Thank you very much for all the advice that could help me roud:. Here are more information about the aquarium condition.

It has been mentioned that the original photo is too saturated. It's because of the camera mode, not because I want to cover the algae which is less present.

Here I attach more photos in normal mode.

*About fertilizer dosing:*
I add every other day 2ml easylife profito, 2ml easylife fero, 2ml seachem flourish trace and *2ml seachem flourish phosphorus*. It is strange that the value of phosphorus in the water is zero (I use JBL tests that should be of good quality). However, I learned that the active substrate absorbs phosphorus into itself. So, I believe that phosphorus is present in the substrate.

*A few days ago I planted the plant cuttings again.* Here's the current photo. Now it looks nice, but I already have the experience that the plants will go up again. Alternatera has narrow leaves and is thin. It looks unhealthy and dwarfed:









closer look:









A few days ago I bought a *new second light*, I hope it will help to lighten the aquarium better, especially the edges (on this photo is Alternatera before cutting):









There is another problem I am struggling with. Some leaves of plants have small holes, gradually glassing and falling. This problem is primarily affecting Hygrophila corymbosa 'Stricta' and Hygrophila polysperma.

Hygrophila corymbosa 'Stricta':









Hygrophila polysperma:









Despite these problems, I am generally satisfied with the aquarium status. However, I try to have a healthy and prosperous aquarium and still learn. I believe there is a mistake somewhere and someone will help me find it.

:nerd:


----------



## livebearerlove (Aug 20, 2013)

@hunti
I find that for whatever reason my issues always stand from Potassium and Magnesium- rarely I find its calcium or pho. If your deficient, then try dosing them individually. But everything should be in proportion, providing more potassium will increase demand for all the other nutrients... vicious cycle. Im not informed on the easylife brand. I use Thrive/Flourish/Excel... and often end up using a bit of equilibrium as that pesky magnesium kicks my plants butts. I dose potassium (extra) separately at times when I notice leaf distress.


----------



## DaveKS (Apr 2, 2019)

One factor I can't find you mentioning anywhere is if you run CO2 on the tank?


----------



## varanidguy (Sep 8, 2017)

I will say that AR mini is a plant that I struggled to figure out in my tank. I had really bad luck with tissue cultures in the past, so I bought some submerged grown stuff from someone on this forum. It arrived healthy and happy, so I planted it and left it alone for a long time out of paranoia. 

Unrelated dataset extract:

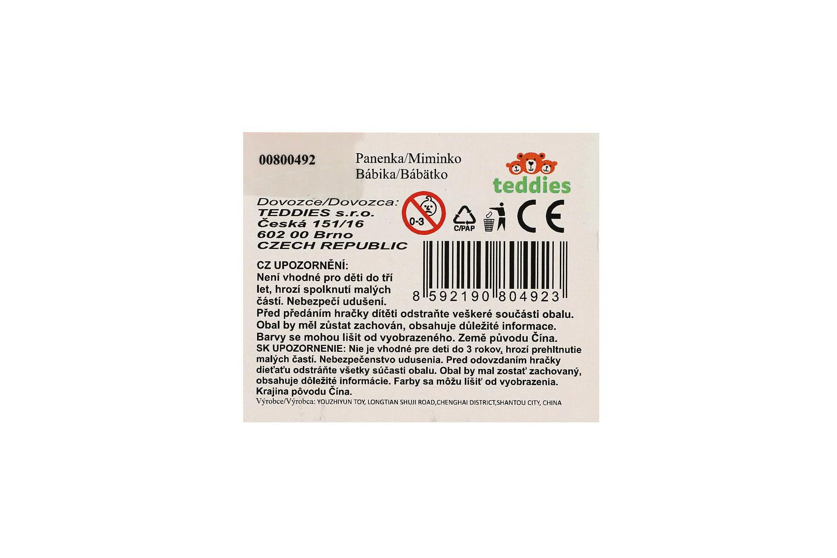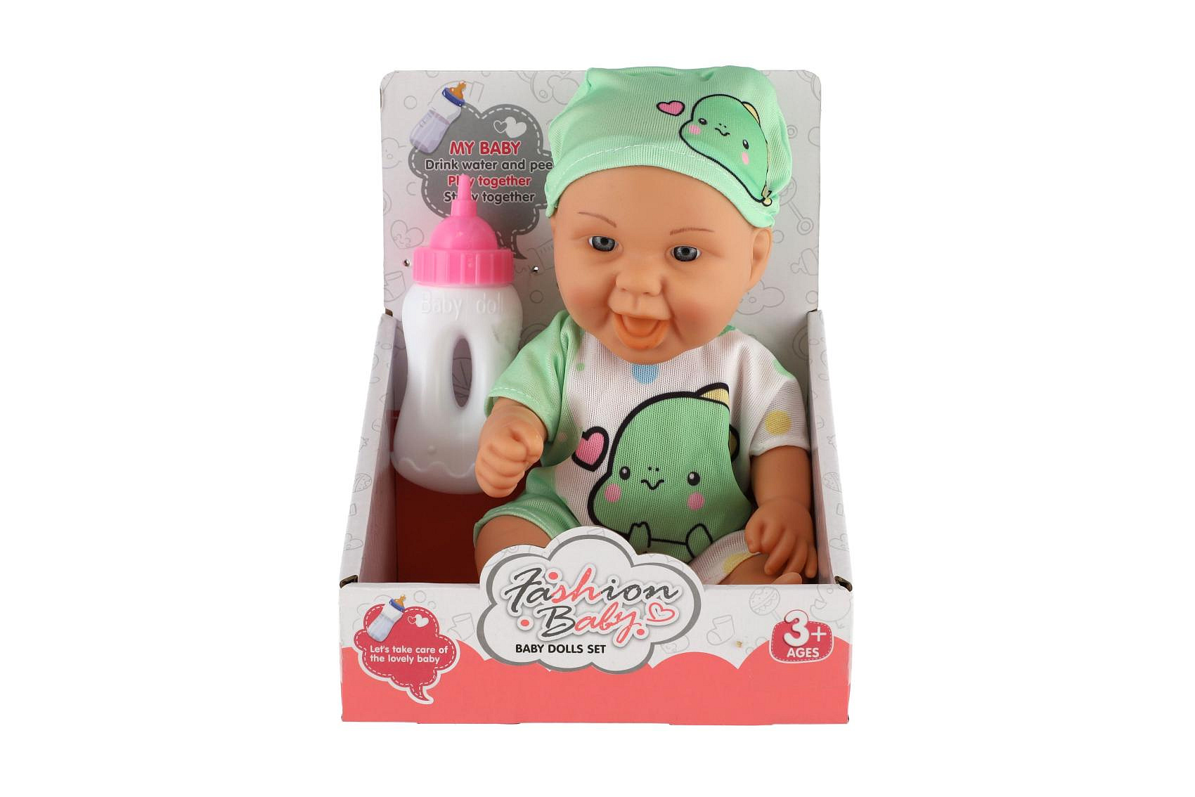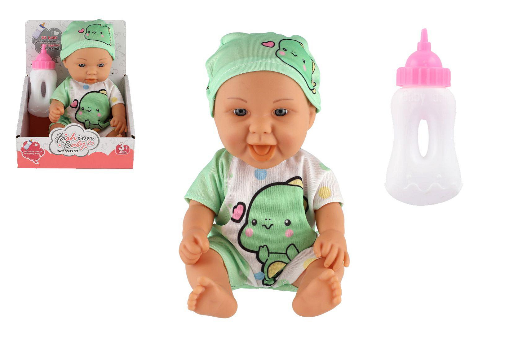 Panenka/Miminko s lahvičkou plast 26cm pevné tělo 2 druhy v krabičce 15x13x18cm

After a long enough time, it was no longer mini, but that gave me lots of growth to harvest and maintain in the more typical AR mini look.

TL;DR you may need to trim more.


Sent from my iPhone using Tapatalk


----------



## Maryland Guppy (Dec 6, 2014)

hunti said:


> There is another problem I am struggling with. Some leaves of plants have small holes, gradually glassing and falling. This problem is primarily affecting Hygrophila corymbosa 'Stricta' and Hygrophila polysperma.
> 
> Hygrophila polysperma:
> 
> ...


Been growing polysperma for over 5 years.
The top 6-8" always looks primo, the bottoms I have look just like yours.
Would blame this one on shading or light.
Unless I move this to my hi-light tank, which I will not since it tends to take over very quickly.


----------



## micheljq (Oct 24, 2012)

For hygrophila polysperma you can check your potassium and/or magnesium, it could help, but like Marineland guppy says leaves in the shade often do that.

Michel.


----------



## DaveKS (Apr 2, 2019)

OK, getting back to this. Your 2ml dosing of everything makes me think you really didn’t put much thought into it. 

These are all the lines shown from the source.